Добродетель, если она не возводится в культ, к примеру, военного геройства или религиозных мучеников, увы, обречена по ходу сюжета померкнуть и благополучно выветриться из памяти (именно так я без регулярной практики забываю нотную грамоту и французский язык). Любое повествование развалится без ярко прописанного антагониста. А чем был бы герб победителя на Королевских воротах без изображения поверженного злодея на нем?

Натан! У меня есть предложение, от которого невозможно отказаться, но не представляю, как ты среагируешь. Работая над продолжением цикла о нашей провинции, я все больше опасаюсь того, что в один прекрасный день поверенные Мередита (ты верно узнал его в письме) пристрелят меня за дискредитирующую государственное лицо писательскую невоздержанность.
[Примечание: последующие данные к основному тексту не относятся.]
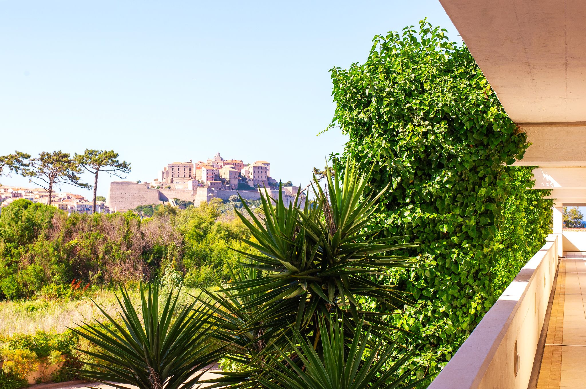 Ses 43 chambres réparties sur rez de chaussée et 2 étages, spacieuses, confortables et toutes équipées de terrasses et dressing vous transportent dans une atmosphère apaisante. Accessibles par des coursives extérieures, c'est en longeant ces passerelles pour rejoindre votre cocon qu'à chacun de vos pas, bercé d'une douce lumière, un panorama saisissant s'offre à vous : la citadelle majestueusement dressée sur son éperon rocheux, cerclée d'une mer bleu azur.

Мередит скорее шагнет в пропасть, чем заговорит со мной – пусть я до сих пор и ломаю голову, почему. А в бесконечной тоске по прошлому мне отчаянно необходим новый образ – и как тут не эксплуатировать тебя? Прошлой осенью, когда мы увиделись после долгого перерыва, что-то изменилось. Первый из плеяды сатурнианских, тихий садовник, ты, не видя меня живьем на протяжении растянутых нудных эр, тем не менее покупал все мои книги и не признавался, в результате чего после короткой скомканной встречи я почувствовал себя предателем Сократа, а совесть моя была запятнана, прогнута верхоглядством. Я слонялся по комнатам под хоровой аккомпанемент Мег с отцом, определивших тебя моим единственным настоящим другом, и никак не мог успокоиться.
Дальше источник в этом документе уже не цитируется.